According to Franklin and to the motel's owner, Evelyn Carr, they had been on the phone together at the time of the incident. Thus, Carr claimed to have overheard Cooke's intrusion and the ensuing confrontation and gunshots. Carr called the police to request that they go to the motel, informing them that she believed a shooting had occurred.

A coroner's inquest was convened to investigate the incident. The woman who had accompanied Cooke to the motel was identified as Elisa Boyer, who had also called the police that night shortly before Carr did. Boyer had called the police from a phone booth near the motel, telling them she had just escaped from being kidnapped.

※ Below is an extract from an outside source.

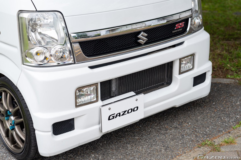 そのため、素の状態では物寂しかったバン本来のスタイリングは、ワゴン用の部品を使用することでリファイン。中でもフロントバンパーはスズキスポーツ製に変更し、開口部にはダミーインタークーラーをセット。“質実剛健な仕事グルマ”というイメージを払拭するコーディネイトで、バンの印象からの脱却を図っているのだ。
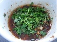 用蒜末、葱花、香菜末、蚝油、花椒油、香醋、糖、自制辣椒油调汁,

Boyer's story was that she had first met Cooke earlier that night and had spent the evening in his company. She claimed that after they left a local nightclub together, she had repeatedly requested that he take her home, but that he instead took her against her will to the Hacienda Motel. She claimed that once in one of the motel's rooms, Cooke physically forced her onto the bed and that she was certain he was going to rape her. According to Boyer, when Cooke stepped into the bathroom for a moment, she quickly grabbed her clothes and ran from the room. She claimed that in her haste, she had also scooped up most of Cooke's clothing by mistake. She said that she ran first to the manager's office and knocked on the door seeking help. However, she said that the manager took too long in responding, so, fearing Cooke would soon be coming after her, she fled the motel altogether before the manager ever opened the door. She claimed she then put her own clothing back on, stashed Cooke's clothing away and went to the phone booth from which she called the police.

Boyer's story is the only account of what happened between the two that night. However, her story has long been called into question. Due to inconsistencies between her version of events and details reported by other witnesses, as well as other circumstantial evidence (e.g. cash Cooke was reportedly carrying that was never recovered and the fact that Boyer was soon after arrested for prostitution), many people feel it is more likely that Boyer went willingly to the motel with Cooke, and then slipped out of the room with Cooke's clothing in order to rob him, rather than in order to escape an attempted rape.

Ultimately though, such questions were beyond the scope of the inquest, whose purpose was simply to establish the circumstances of Franklin's role in the shooting, not to determine exactly what had happened between Cooke and Boyer preceding that. Boyer's leaving the motel room with almost all of Cooke's clothing in tow, regardless of exactly why she did so, combined with the fact that tests showed Cooke was inebriated at the time, seemed to provide a plausible explanation for Cooke's bizarre behavior and state of dress, as reported by Franklin and Carr. This explanation together with the fact that Carr, from what she said she had overheard, corroborated Franklin's version of events, was enough to convince the coroner's jury to accept Franklin's explanation that it was a case of justifiable homicide. And with that verdict, authorities officially closed the case on Cooke's death.

However, some of Cooke's family and supporters have rejected not only Boyer's version of events, but also Franklin's and Carr's. They believe that there was a conspiracy from the start to murder Cooke, that this murder did in fact take place in some manner entirely different from the official account of Cooke's intrusion into Franklin's office/apartment, and that Franklin, Boyer and Carr were all lying to provide a cover story for this murder.

My brother was first class all the way. He would not check into a $3 a night motel; that wasn't his style.

— Agnes Cooke-Hoskins, sister of Sam Cooke, attending the Rock and Roll Hall of Fame's 2005 tribute to Cooke.